Leur capacité à digérer le changement d’environnement est impressionnante, tandis que pour Saginadze, l’adaptation aux joutes du Top 14 a semblé naturelle. "Je me suis toujours dit que j’en étais capable. Si je suis venu ici, c’était pour jouer contre des équipes comme Toulouse. Le Top 14 était un rêve et un objectif mais maintenant que je suis là, je ne veux pas m’arrêter en si bon chemin. Je veux continuer à progresser, lance-t-il, avant de poursuivre sur le jeu pratiqué. J’aime beaucoup, car c’est toujours avec le ballon alors que l’accent est mis sur la défense avec la Géorgie ou bien à Aurillac." Une évolution utile pour le joueur, et très certainement à l’équipe nationale par la même occasion. "Nous apprenons ici, et nous voulons ensuite partager notre expérience avec la Géorgie", insiste Saginadze.

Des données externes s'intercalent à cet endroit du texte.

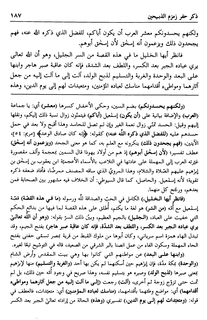 "وابنها على البعد" عن مواطنهم التي كانوا بها وهي بيت المقدس وأرض الشام و"الوحدة" بمكة مدة, فإن إبراهيم حين أسكنهما لم يكن بها أحد "والغربة والتسليم" منها لإبراهيم بمعنى صبرها "لذبح الولد" وصبره هو بتسليم نفسه، وهذا صريح في وجود أمه حين ذلك، بل لم تمت حتى تزوج زوجة ثم أخرى، "آلت" رجعت "إلى ما آلت إليه من جعل آثارهما ومواطئ أقدامهما" أي: مواضع وطئهما بأقدامهما، "مناسك لعباده المؤمنين" أي: متعبدات، فالعطف في قوله: "ومتعبدات لهم إلى يوم الدين" تفسيري "وهذه" الحالة من إرادته تعالى الجبر بعد الكسر

Déjà sous le charme de leur nouvel environnement, sportif ou extra-sportif, leur plaisir est contagieux. "On est heureux et il n’y a pas de stress, pas de pression. C’est important pour s’adapter et progresser", enchaîne le 3e ligne aux côtés d’un Niniashvili dont les progrès pour s’exprimer dans une nouvelle langue sont également impressionnants.

"J’aime les challenges ! Je travaille dur et je m’entraine dur. Surtout, je me sens bien ici. C’était un peu dur au début, quand Beka allait à l’entrainement en avance je restais seul à la maison, sourit-il. Mais maintenant non, j’écoute et je comprends un peu", alors qu’il pensait surtout davantage évoluer avec les Espoirs. Leur fraicheur fait du bien à Lyon, et cette jeunesse performante n’est très certainement pas anodine dans le début de saison prometteur du Lou.